*TASK REQUIREMENTS*:
Could you transcribe all the entries exactly, omitting the pictures?

--- START ---

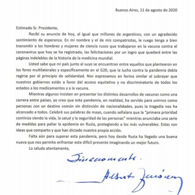 "Recibí su anuncio de hoy, al igual que millones de argentinos, con un agradecido sentimiento de esperanza. En mi nombre y el de mis compatriotas, le ruego tenga a bien transmitir a los hombres y mujeres de ciencia rusos que trabajaron en la vacuna contra el coronavirus que hoy se ha registrado, las felicitaciones por un logro que quedará entre las páginas indelebles de la historia de la medicina mundial", agrega en la misiva.
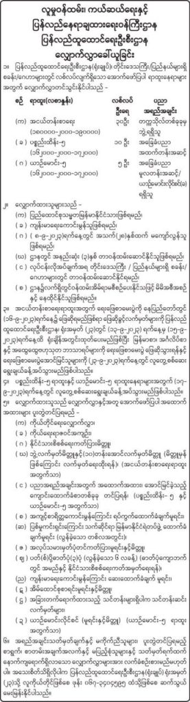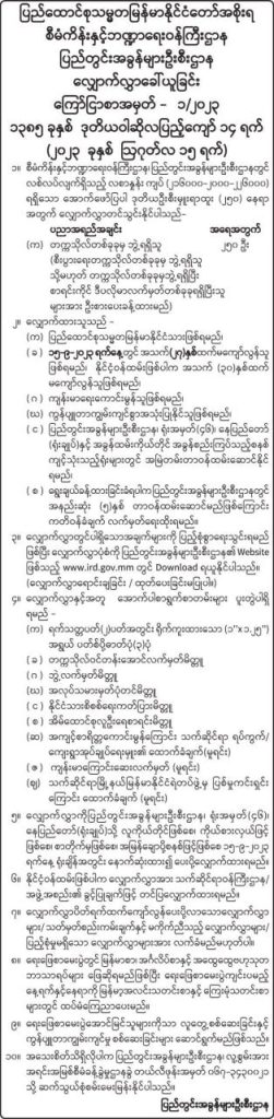 စီမံကိန်းနှင့်ဘဏ္ဍာရေးဝန်ကြီးဌာန၊ ပြည်တွင်းအခွန်များဦးစီးဌာနတွင် လစ်လပ်လျက်ရှိသည့် လစာနှုန်း ကျပ် (၂၁၆,၀၀၀- ၂၀,၀၀၀-၂၂၆,၀၀၀) ရရှိသော ဒုတိယဦးစီးမှူးရာထူး ၂၅၀ နေရာအတွက် လျှောက်လွှာတင်သွင်းနိုင်ပြီး လျှောက်ထားသူသည် အသက် ၂၇ နှစ်ထက် မကျော်လွန်ဘဲ တက္ကသိုလ် ဘွဲ့တစ်ခုခုရရှိသူ (စီးပွားရေးတက္ကသိုလ်တစ်ခုခုမှ ဘွဲ့ရရှိထားသူ သို့မဟုတ် တက္ကသိုလ်ဘွဲ့တစ်ခုရရှိပြီး စာရင်းကိုင် ဒီပလိုမာတစ်ခုခုရရှိပြီးသူများအား ဦးစားပေးမည်) ဖြစ်ကြောင်း ကြေညာထား သည်။
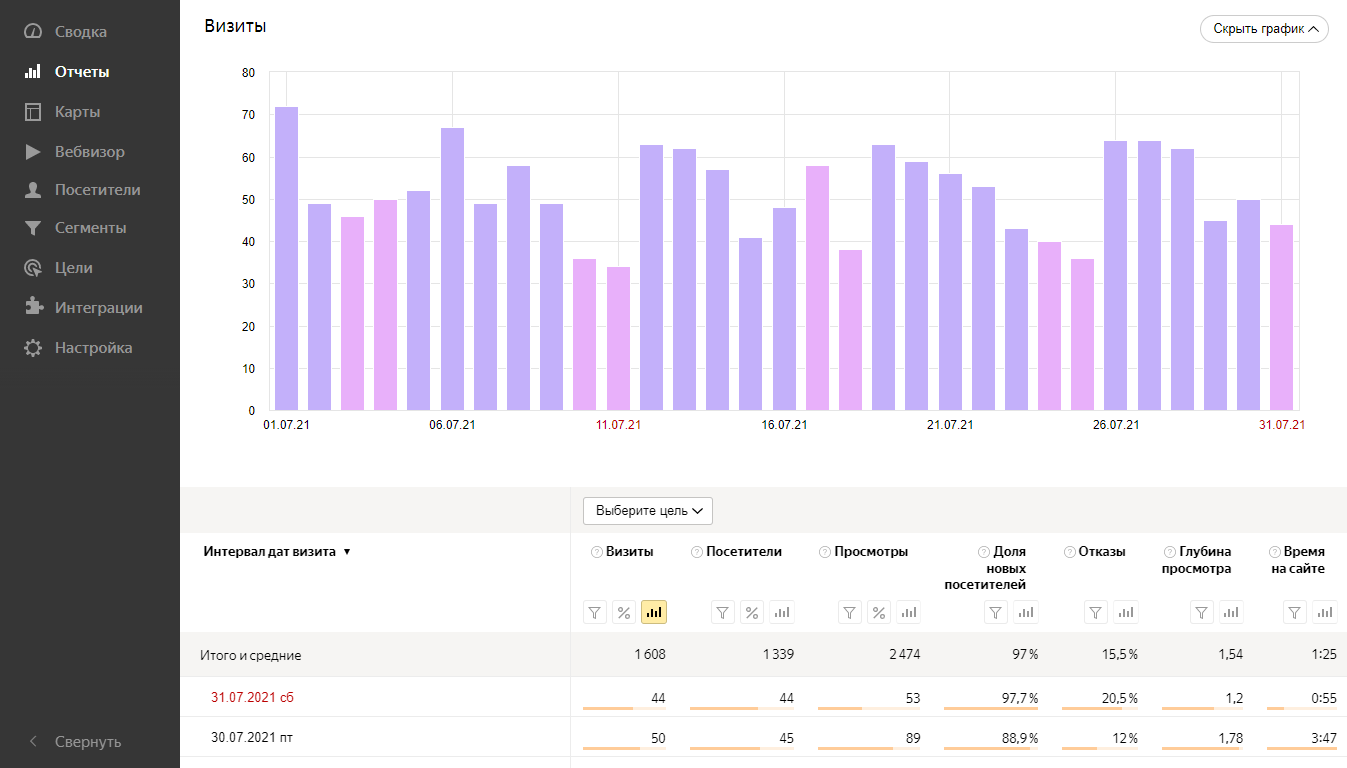 - Рассчитайте понедельный анализ. Затем просмотрите показатели на каждый день, в том числе и выходные дни.
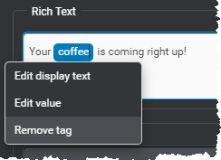 Depending on the type of element, you might have to choose between different attributes, such as the element’s value or literal, its length, and so on (see Supported methods). For variables and entities that support output formatting, you can choose Formatted value (and then customize the format, if desired). - The name of the dynamic element you chose appears as highlighted text in your message.
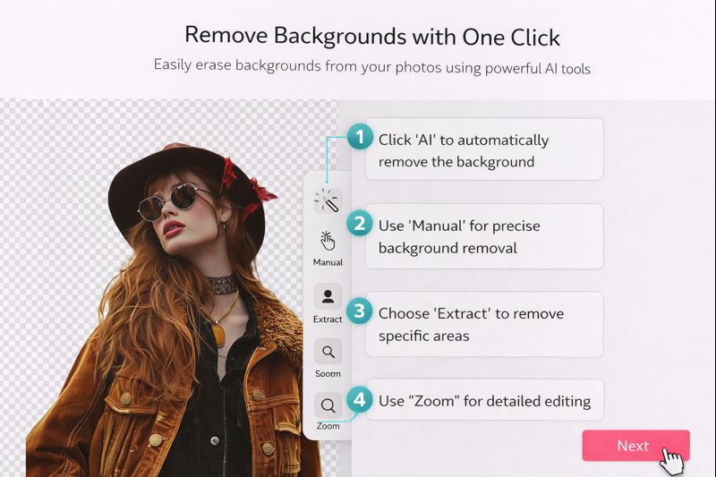 Select Extract to keep a specific part of the image while removing the rest. This is useful for detailed cutouts.
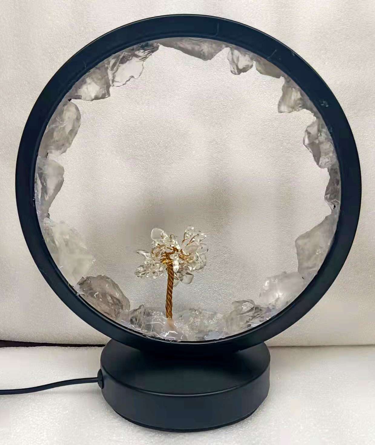 Clear Quartz LED USB Lamp with Gemstone Tree
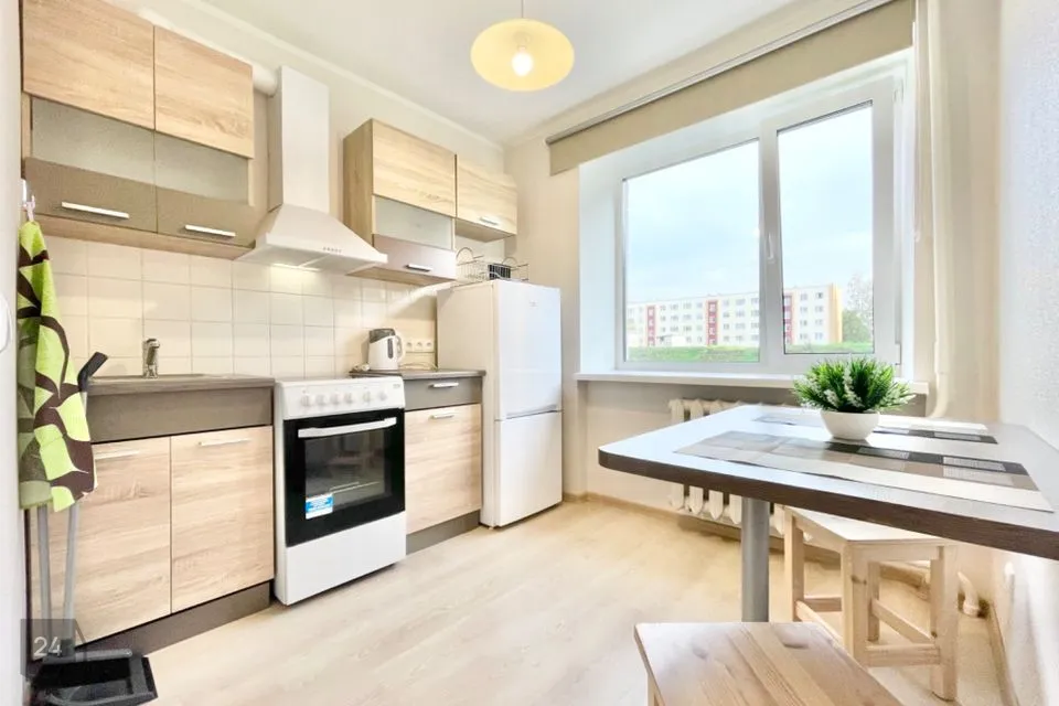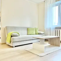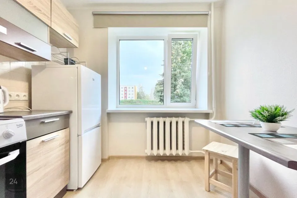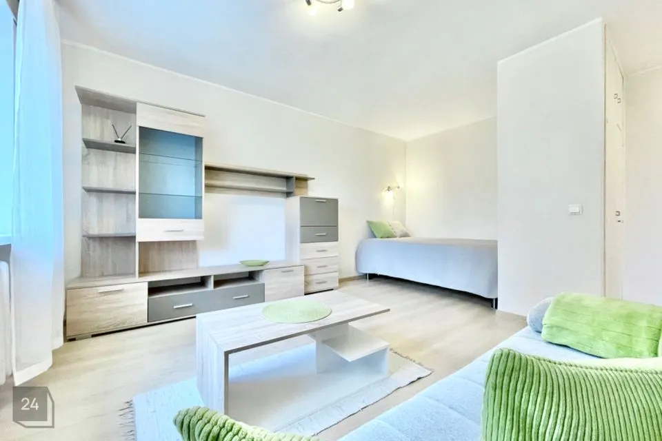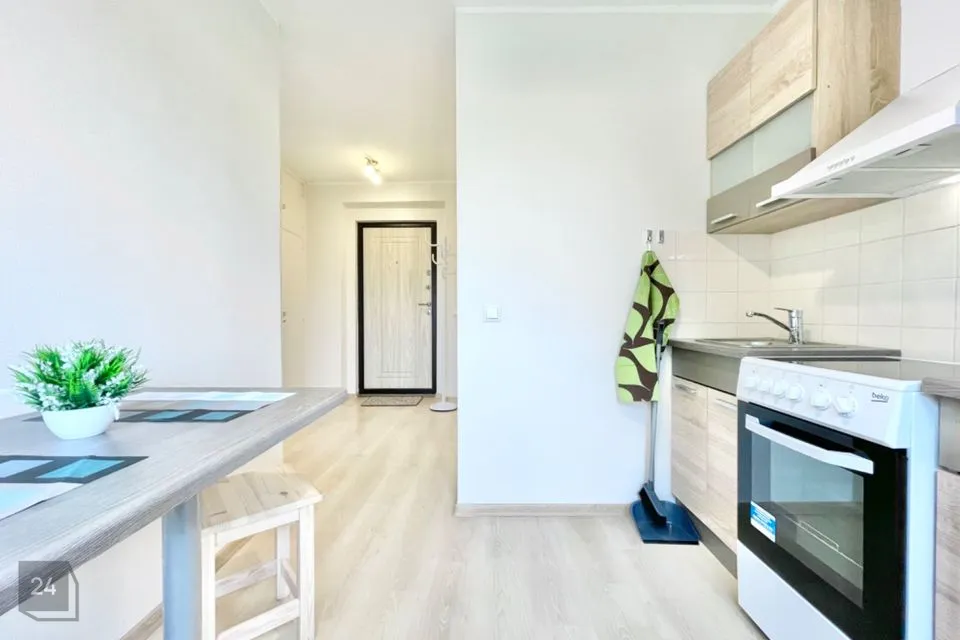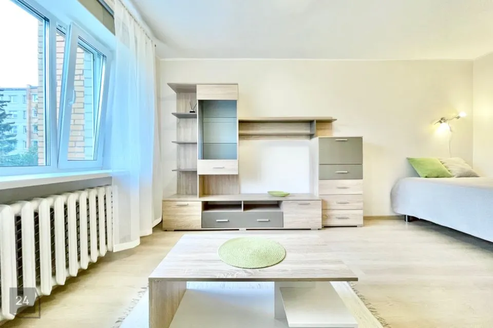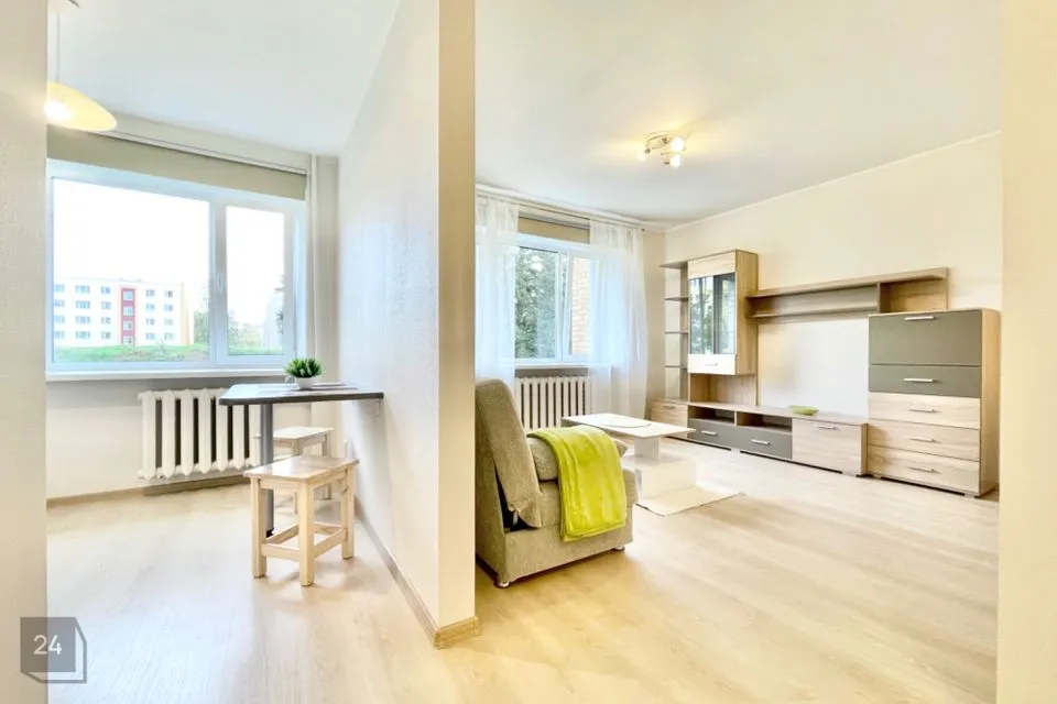 avatud ja valguseküllase planeeringuga korteri koosseisu kuuluvad esik, köök, elutuba-magamistuba, tualett-duširuum

--- END ---

*OUTPUT*:
 "Recibí su anuncio de hoy, al igual que millones de argentinos, con un agradecido sentimiento de esperanza. En mi nombre y el de mis compatriotas, le ruego tenga a bien transmitir a los hombres y mujeres de ciencia rusos que trabajaron en la vacuna contra el coronavirus que hoy se ha registrado, las felicitaciones por un logro que quedará entre las páginas indelebles de la historia de la medicina mundial", agrega en la misiva.
 စီမံကိန်းနှင့်ဘဏ္ဍာရေးဝန်ကြီးဌာန၊ ပြည်တွင်းအခွန်များဦးစီးဌာနတွင် လစ်လပ်လျက်ရှိသည့် လစာနှုန်း ကျပ် (၂၁၆,၀၀၀- ၂၀,၀၀၀-၂၂၆,၀၀၀) ရရှိသော ဒုတိယဦးစီးမှူးရာထူး ၂၅၀ နေရာအတွက် လျှောက်လွှာတင်သွင်းနိုင်ပြီး လျှောက်ထားသူသည် အသက် ၂၇ နှစ်ထက် မကျော်လွန်ဘဲ တက္ကသိုလ် ဘွဲ့တစ်ခုခုရရှိသူ (စီးပွားရေးတက္ကသိုလ်တစ်ခုခုမှ ဘွဲ့ရရှိထားသူ သို့မဟုတ် တက္ကသိုလ်ဘွဲ့တစ်ခုရရှိပြီး စာရင်းကိုင် ဒီပလိုမာတစ်ခုခုရရှိပြီးသူများအား ဦးစားပေးမည်) ဖြစ်ကြောင်း ကြေညာထား သည်။
 - Рассчитайте понедельный анализ. Затем просмотрите показатели на каждый день, в том числе и выходные дни.
 Depending on the type of element, you might have to choose between different attributes, such as the element’s value or literal, its length, and so on (see Supported methods). For variables and entities that support output formatting, you can choose Formatted value (and then customize the format, if desired). - The name of the dynamic element you chose appears as highlighted text in your message.
 Select Extract to keep a specific part of the image while removing the rest. This is useful for detailed cutouts.
 Clear Quartz LED USB Lamp with Gemstone Tree
 avatud ja valguseküllase planeeringuga korteri koosseisu kuuluvad esik, köök, elutuba-magamistuba, tualett-duširuum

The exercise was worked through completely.